If somebody claimed to have the cure for AIDS, or cancer, but said that in the process of perfecting the cure they’d need to test it and possibly kill some of the patient would you agree to such a move? If not, aren’t you risking the status quo, and doing nothing to prevent these deadly diseases from killing more of us?

Tesla claim that the auto-pilot on their car is essentially 1.5 times safer than any man-driven car in the US, as twice as safe if you consider the global average.

It’s not perfect, but it’s better than us–much better!

And because AI sorta-kinda-maybe follows Moore law, we can expect that 1 in 130 million statistic to grow exponentially over time, to the point where it’s roughly 1000 times safer than human drivers in just 10 years. But AI can’t move along that trajectory unless we let it–and grant it our good graces to keep chugging along.

If we plan to progress ever-nearer to perfect drivers on the road, and eliminate millions of unnecessary deaths, we should accept the tax rather than risk the status-quo.

But what about Takata

Takata is slightly different to Tesla, it’s caused by an unstable chemical in the airbag, and not really a learning-curve tax.

Now, to be fair, the chemistry necessary to inflate an airbag in a fraction of a second, isn’t going to be stable and slow molasses on top of whip-cream, so almost by definition it has to be ‘unstable’.

The question then becomes is the airbag fiasco a tax we have to pay for better airbags in the future, or simply a mis-calculation by Takata to reduce cost and improve their bottomline? I think the jury is still out on that one. But even leaving aside whose to blame (because I’m sure US Congress will something to say on that), what should you as the consumer do.

If you were driving a second generation Honda City, should you turn off your airbags?? (even if you could?), Airbags are safety features designed to save you, and turning them off is quite ridiculous. On the other hand, driving around in one those things is like playing Russian Roulette, which sounds terrible.
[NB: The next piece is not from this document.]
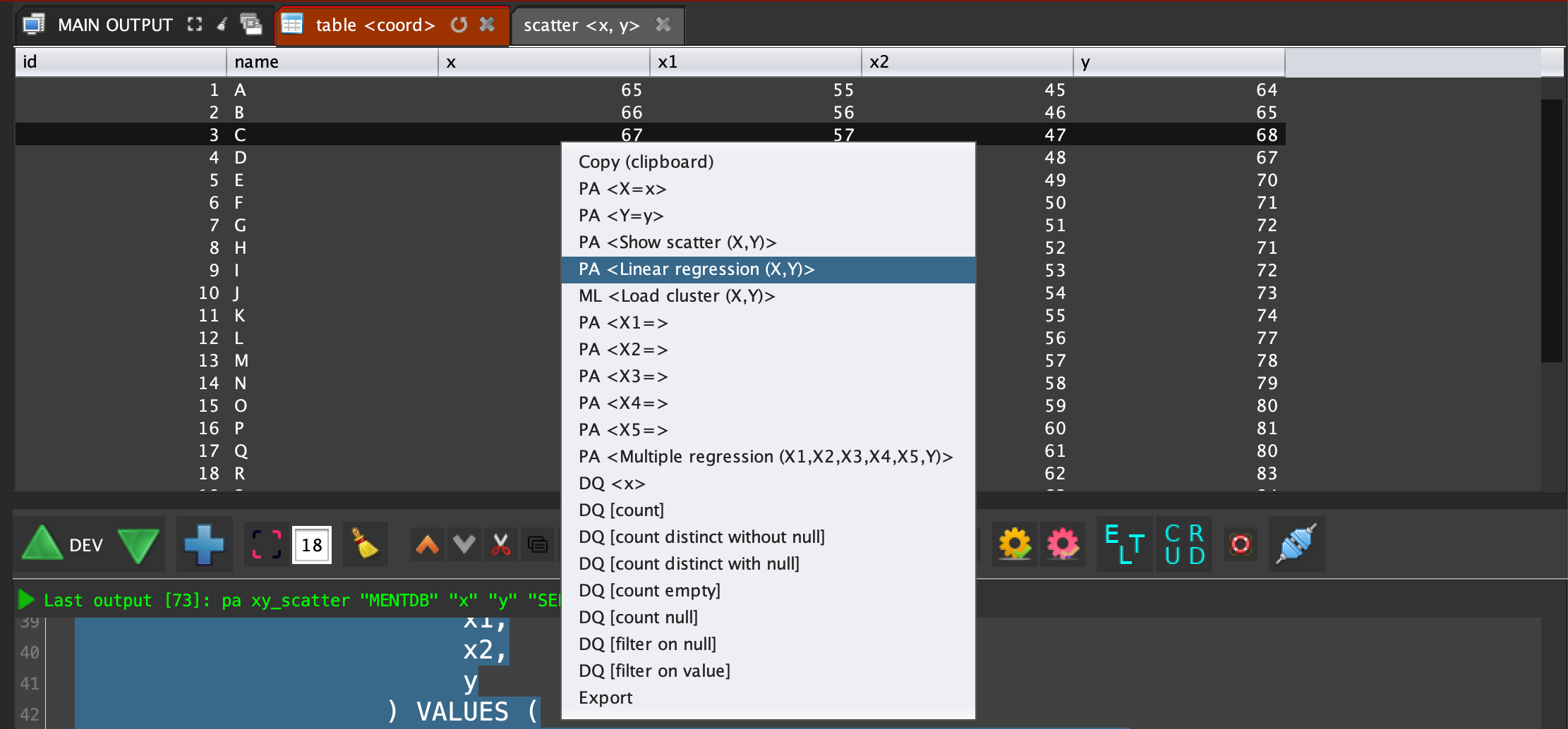 pa rl load "reg1" "MENTDB" "x" "y" "SELECT * FROM public.coord LIMIT 0, 500"; pa rl predict "reg1" 12;

It’s not an easy decision, and even car nuts are split on whether you should forego Airbag safety in place of safety from airbags. It’s a difficult decision to make when the very technology that’s built to protect you, also might kill you–accidentally.

If you were Barack Obama, and you knew one of your well armed secret service bodyguards might just pull out their gun and shoot you–would you then dismiss all secret service protection altogether, and just ride solo?

Hard decisions, with uncertain outcomes, but a judgement call must be made, knowing the trade-offs.